Максимального же, которое кавычек «возможного лучшего» не признает, можно только чаять. В максимальное можно только верить, как можно только верить, что ты — человек, даже если жизнь топчет тебя как тряпку.
Максимальное — это то, что человек сокровенней всего прячет в себе, чего больше всего желает и на что меньше всего рассчитывает. Люди живут в оптимальном, а жаждут максимального. И поскольку жажда эта столь же неуемна, сколь и малорезультативна, они признали ее болезнью и назвали эту болезнь максимализмом.
* * *
Как человеческая проблема, актуален лишь духовный максимализм. Невозможно говорить о максимализме в применении к деньгам или материальному благополучию, власти или чувственному насыщению, ибо пороки и похотения вообще не ориентируют в направлении человеческих максимумов. Наоборот, они пожирают человеческое, разрывают его на куски дурной бесконечностью алканий и влекут неизбежную духовную кому, т. е. приводят личность к абсолютному минимуму. Максимумы не достигаются неуемностью желаний, но лишь полнотой самоотдания личности. Минимализм же — это состояние разрушенности личности, и как таковой долен рассматриваться в контексте бесчеловечности.

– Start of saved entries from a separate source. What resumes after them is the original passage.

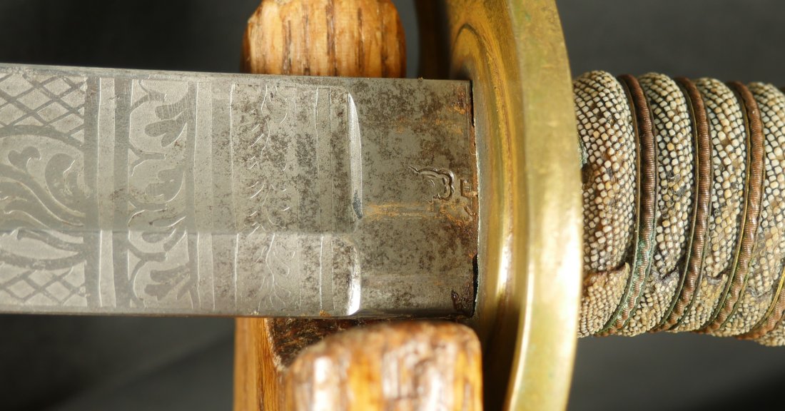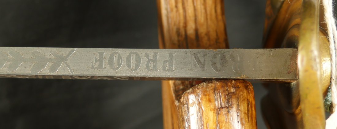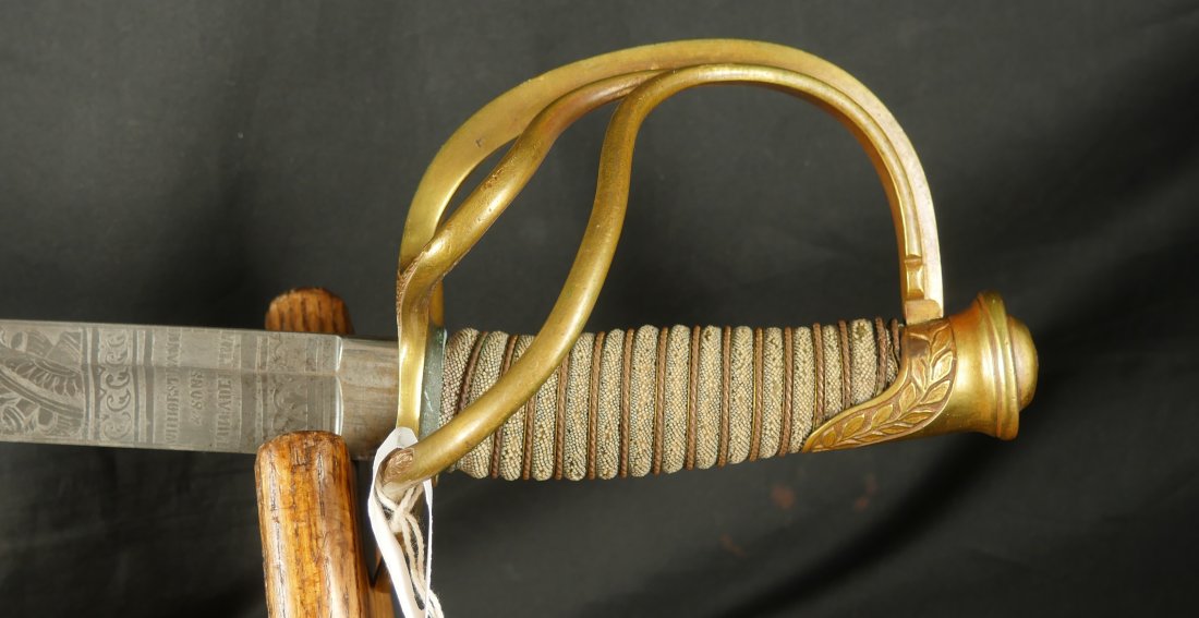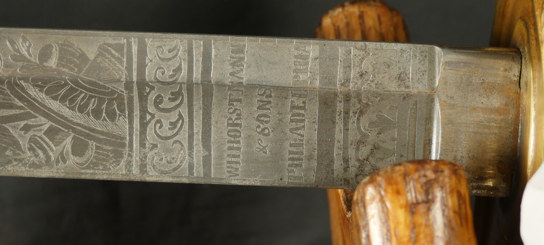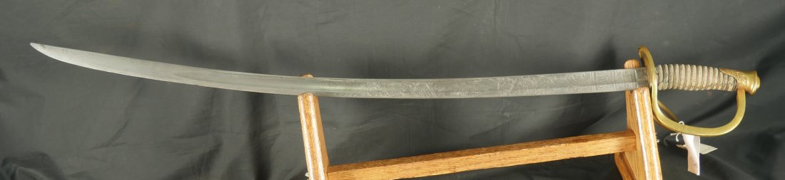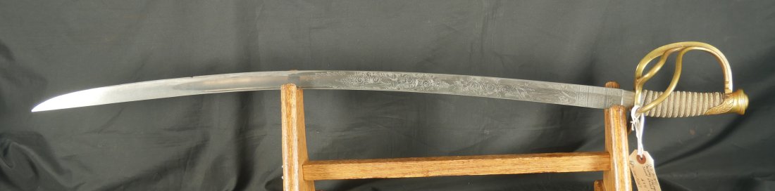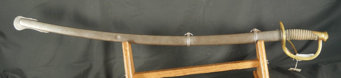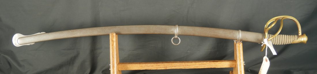 079-1225-9367, US M-1840 Heavy Cavalry Sword and Scabbard, by Horstmann & Sons of Philadelphia with fully visible maker name and fully visible etching on the blade and IRON PROOF marked on the blade edge. The blade has no chips along the blade edge. The blade has been lightly cleaned at some point. The brass knuckle guard is engraved and shows 98% original ray skin handle wrap along with 100% brass wire wrap on handle. Very good to fine overall. There is one dent in the blade scabbard. Soldiers did this on blades they carried into battle. This was done to prevent blades from rattling in the scabbards when on horseback. The scabbard slides off the blade when held upright. This is a sign of a blade that was carried into battle. The blade sword and scabbard is 40 inches from end of drag to end of handle. Very good overall.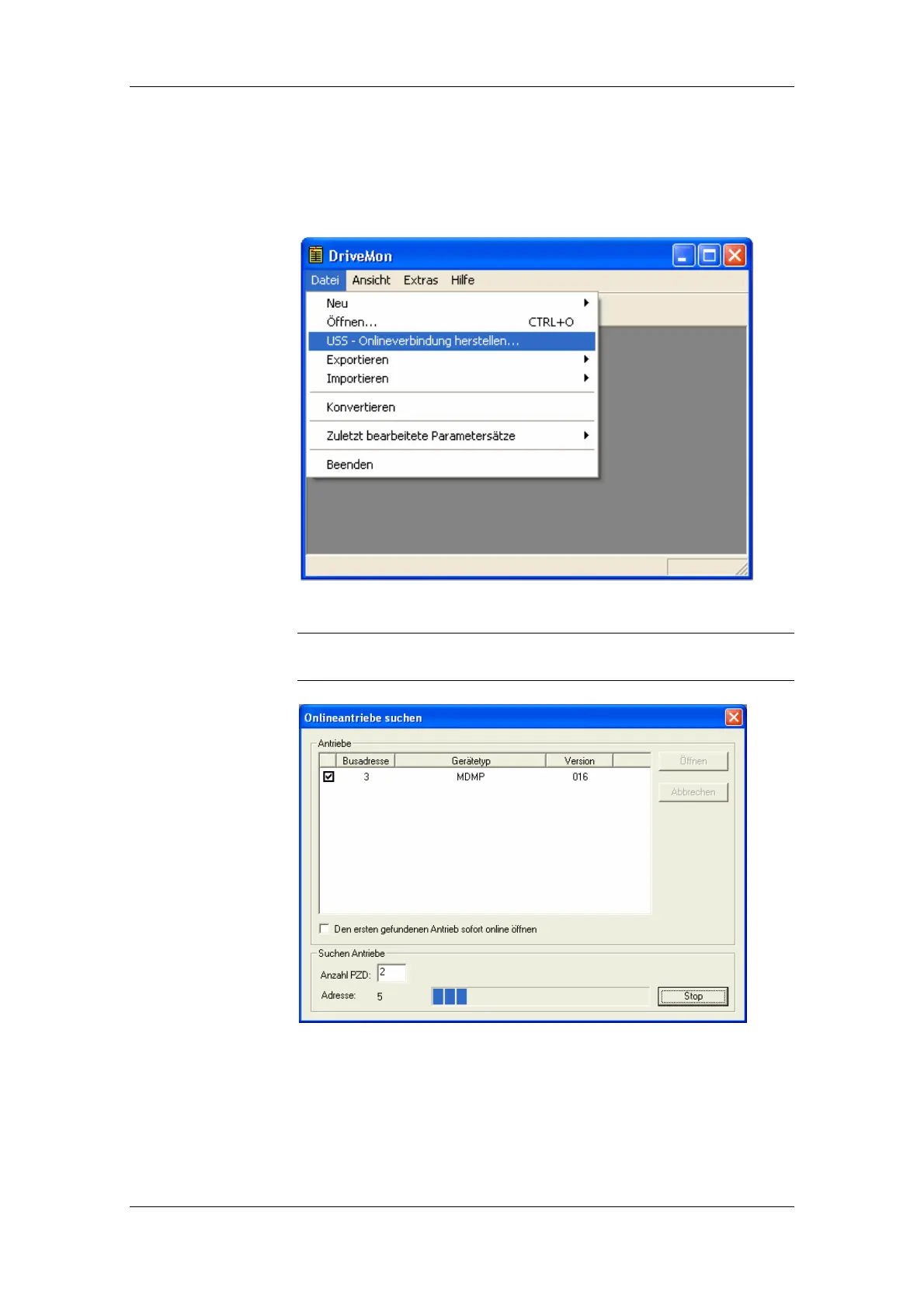 Das Menü "USS-Online-Verbindung herstellen" ist erst ab Version 5.2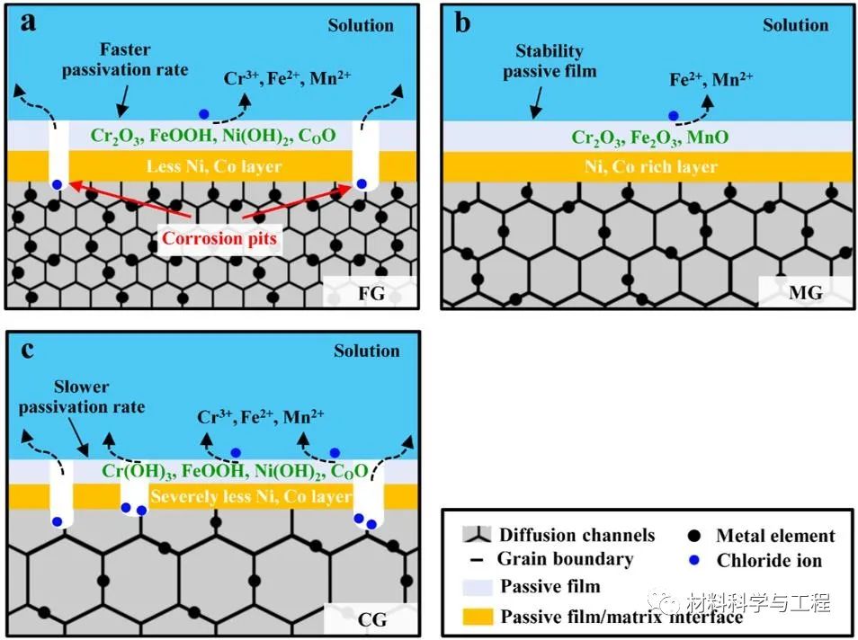 图8. 不同晶粒尺寸的亚稳态高熵合金的腐蚀机制示意图:(a) FG样品,(b) MG样品和 (c) CG样品。其中钝化膜的主要物种以在3.5 wt.% NaCl溶液中浸泡48 h后的化学成分来表示。

Духовный максимализм предполагает все самое главное человеческое в пределе: любовь, веру, осуществление, призвание — т. е. означает тотальное самоотдание избранному. Человеку, стремящемуся к тотальным самоотданиям и требующему этого от других, бросают обвинение в максимализме. Но разве не знают люди в душе своей, что сам Бог простер над человеком длань требования максимальности? Конечно, знают! Душа человеческая знает больше, чем человек позволяет ей знать. В путях своих человек искушается ленью душевной, инертностью пассивных наслаждений и, главное, страхом.
Существует необоримый страх пределов, внутренняя тяга к середине, незнание, — что делать в огненном мире максимального, где многое сгорает — второстепенные «интересы», второстепенные «друзья». Предельной качественности максималистских избраний человек из трусости предпочитает «утешительную» количественность внутренне чуждого.
Нередко человеком жестоко овладевает тайный ужас несостоятельности, неспособности или недостатка времени добраться до своего максимума, что, в конечном счете, есть лишь материалистическая проекция существования и, как следствие ее, экстериоризация собственного внутреннего мира.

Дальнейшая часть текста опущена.